Monday, September 28, 2015

Danger Ahead

The market continues to be under pressure; the SP500 closed down 2.57%, -8.5% for the year and down 11.6% since its high on 7/20/15.  The biotech sector (XBI) which at one point was the best performing sector (+45%) for the year is now down year to date and in full liquidation mode.


The market is getting oversold here short term. Currently, we only have 13% of stocks above their 40-day moving average, a level where the market has tended to bounce from.  However, if the current scenario plays out like 2011 which so far it has, we then have to be on the look out for another flush. In 2011 stocks above their 40-day moving average got as low as 2%.


We also saw a spike in stocks down 4% or more for the day, spikes have led to short-term bounces, you have to very careful leaning short after big sell-offs.
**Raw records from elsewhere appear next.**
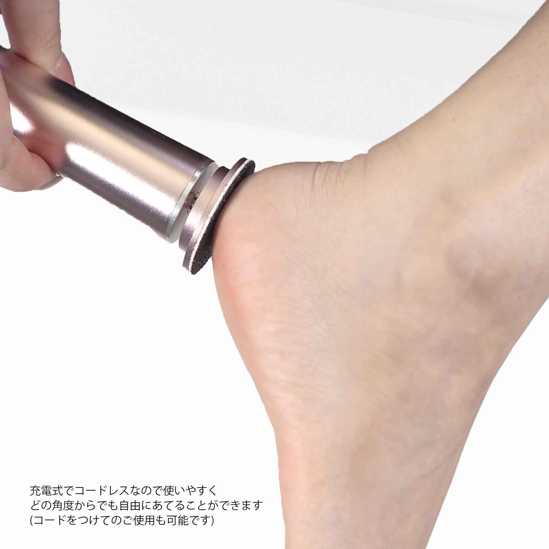 気になるかかとの角質を360度回転でなめらかにオフする電動フットケアマシンです。
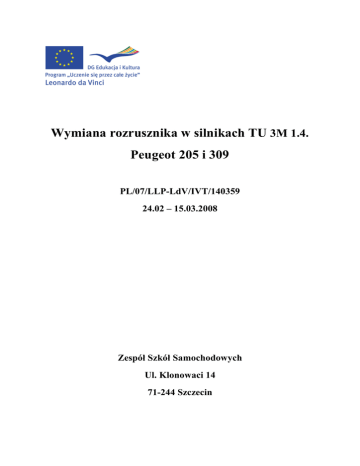 Wymiana rozrusznika w silnikach TU 3M 1.4. Peugeot 205 i 309 PL/07/LLP-LdV/IVT/140359 24.02 – 15.03.2008 Zespół Szkół Samochodowych Ul. Klonowaci 14 71-244 Szczecin W takie silniki wyposaŜono samochody produkcji francuskiej jak: Peugeot 205 oraz Peugeot 309. Pierwsza rzecz, jaką naleŜy zrobić przy danej czynności jest odłączenie zacisku plusa od akumulatora. Kolejnym krokiem, aby dostać się do rozrusznika jest wyjęcie puszki z filtrem powietrza. śeby tego dokonać potrzebne jest wcześniejsze odczepienie rury od kolektora wydechowego oraz węŜyka podciśnieniowego- odczepić zaczep węŜyka i zdjąć go z obudowy klapki termostatu. DemontaŜ górnej części (przejścia od puszki z filtrem do układu wtryskowego) nie jest konieczny. Po tych czynnościach mamy dostęp do rozrusznika. Część ta jest umiejscowiona dokładnie pod puszką z filtrem. Dolne mocowanie puszki filtra przykręcone jest do rozrusznika. Następnie odłączamy przewód od sprzęgła rozrusznika . Kluczem 13, płaskim lub oczkowym, odkręcamy dwa przewody, które zasilają rozrusznik. Znajdują się one w górnej części rozrusznika, na wysokości sprzęgła rozrusznika (zaznaczone kółkiem na zdjęciu). NaleŜy okręcić dwie śruby (13, najlepiej grzechotka), które mocują rozrusznik do bloku silnika. Dojście do nich jest od strony osi samochodu. Jedna jest dobrze widoczna, drugą niestety trzeba znaleźć ręką. Do tych śrub przymocowany jest uchwyt puszki filtra powietrza, który odejdzie wraz ze śrubami. Odkręcamy trzecia śrubę mocującą rozrusznik, która znajduje się po drugiej stronie kołnierza przy rozruszniku, od strony akumulatora. W ten sposób rozrusznik mamy odkręcony, moŜna go wyciągnąć z pojazdu. Zdjęcia wymontowanego rozrusznika, z ponumerowanymi w ten sam sposób śrubami i zaznaczonymi miejscami, gdzie przykręcone są kable zasilające: MontaŜ nowego rozrusznika odbywa się dokładnie odwrotnie jak jego demontaŜ. Wkładamy nowy rozrusznik na miejsce starego i przykręcamy śrubę kluczem 13( grzechotka) (na zdjęciu nr3). Przykręcamy dwie śruby mocujące rozrusznik do bloku silnika, razem z uchwytem puszki filtra powietrza. Płaskim kluczem 13 mocujemy kable zasilające do rozrusznika. Podłączamy przewód do sprzęgła rozrusznika . Następnie montujemy puszkę filtra powietrza. Montujemy rurę kolektora wydechowego i węŜyk podciśnieniowy. Pozostaje podłączyć plus do akumulatora i moŜna uruchomić silnik. Schemat budowy rozrusznika dołączony do instrukcji naprawy
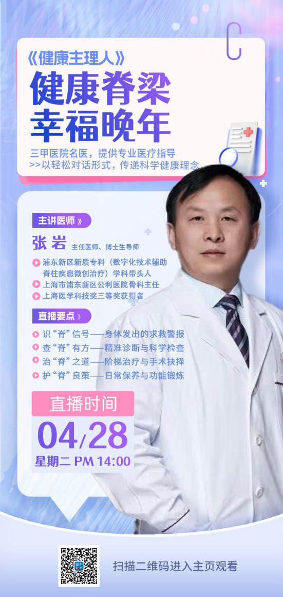 脊柱健康,直接关系到我们生活的行动自由与生活质量,腰酸背痛、腿脚发麻看似小毛病,却可能是脊柱发出的“求救信号”。今天,我们特别邀请到了浦东新区新质专科(数字化技术辅助脊柱疾患微创治疗)学科带头人、上海市浦东新区公利医院骨科主任张岩,围绕脊椎方面的问题为大家答疑解惑。

But, the big news of the day was and is Carl Icahn's market comment in which he warns of a potential looming catastrophe. Carl said he's "more hedged now than I've been in years.  That comment will be followed by a video titled "Danger Ahead" that will be released tonight at midnight. What's interesting is that Carl just took an 8.5% stake in FCX, bought more of his biggest losers CVR, CHK, and RIG.  The bearish bloggers are going to have a field day with what Icahn said today, ("billionaire investor is more bearish than he was in 2008 when the market plunged 50%").  Whatever. In 2011, Ichan gave his clients all their money back because he was also concern about a big correction. Given the rapid market run-up over the past two years and our ongoing concerns about economic outlook, and recent political tensions in the Middle East, I do not wish to be responsible to limited partners through another possible market crisis.”  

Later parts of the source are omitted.